Variable won't change, any suggestions?

Hi!

I am using a custom tooltip function (credits to AngryAnt). But I have a problem when trying to make it possible to have multiple tooltips. In the post as far as I understand, “tooltip” is the string to be replaced by the tooltip text, so I changed it to:

void StringToolTip (Rect rect, string toReplace, string lastToolTip)
	{
		if (rect.Contains (Event.current.mousePosition))
		{
			toReplace = lastToolTip;
		}
	}

void TooltipLastLayout(string toReplace, string lastToolTip)
{
	StringToolTip (GUILayoutUtility.GetLastRect (), toReplace, lastToolTip);
}

And call it like this in OnGUI:

TooltipLastLayout (stringToDisplay, "This is a tooltip");

Where “stringToDisplay” is used by the label where the tooltip are to be displayed.

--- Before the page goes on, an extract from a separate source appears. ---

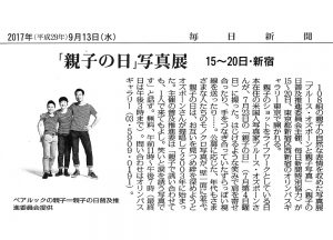 9月192017カテゴリーなし9月13日の毎日新聞で、「親子の日」写真展の告知をしてくれました。 展示会は、オリンパスギャラリー東京にて明後日の20日まで! 108組の親子の笑顔に出会いに来てくださいね。 展示会の詳細はこちら。 Category: カテゴリーなしBy 親子の日 Press2017年9月19日Leave a commentTags: Bruce OsbornOLYMPUSOyakoOyako Dayオリンパスブルースオズボーン写真写真展展覧会親子親子の日 Author: 親子の日 Press Post navigationPreviousPrevious post:アニマル浜口+浜口京子さん親子からのお祝いが!NextNext post:「ブルース・オズボーン 親子の写真展 in 沖縄」のお知らせRelated Posts親子で作った写真絵本「たいせつなもの」完成!2023年10月27日親子をつなぐこの1冊2020年9月8日No title2020年9月7日「フロリダ・プロジェクト」「万引き家族」「パラサイト」ーー 連鎖するように続く貧困テーマが内包しているのは家族の姿だ。2020年2月14日親子をつなぐこの1冊2019年7月1日葉山で親子の日写真撮影会2019年6月12日

The problem is that “toReplace” won’t change to “lastToolTip”. I think it has something to do with the fact that you can’t assign a value that is “layered” like “toReplace” (?) Does anyone know why this is happening?

toReplace is a local variable within the StringToolTip function. You can assign in whatever you want within that function, but that toReplace is a completely different memory location that the toReplace variable in your ToolTipLastLayout function, even though you have named them the same thing.

What I would suggest is that you change the signature of StringToolTip to this:

string StringToolTip (…) {…}

and then you can return the updated value. So your code could be something like:

string StringToolTip (Rect rect, string toReplace, string lastToolTip)
    {
       if (rect.Contains (Event.current.mousePosition))
       {
         return lastToolTip;
       }

       return toReplace;
    }
 
string TooltipLastLayout(string toReplace, string lastToolTip)
{
    toReplace = StringToolTip (GUILayoutUtility.GetLastRect (), toReplace, lastToolTip);
    return toReplace;
}

You need to put a ref in front of the string parameters that are to change - then you can change the value that is being passed in. Or you could return strings from both of the functions.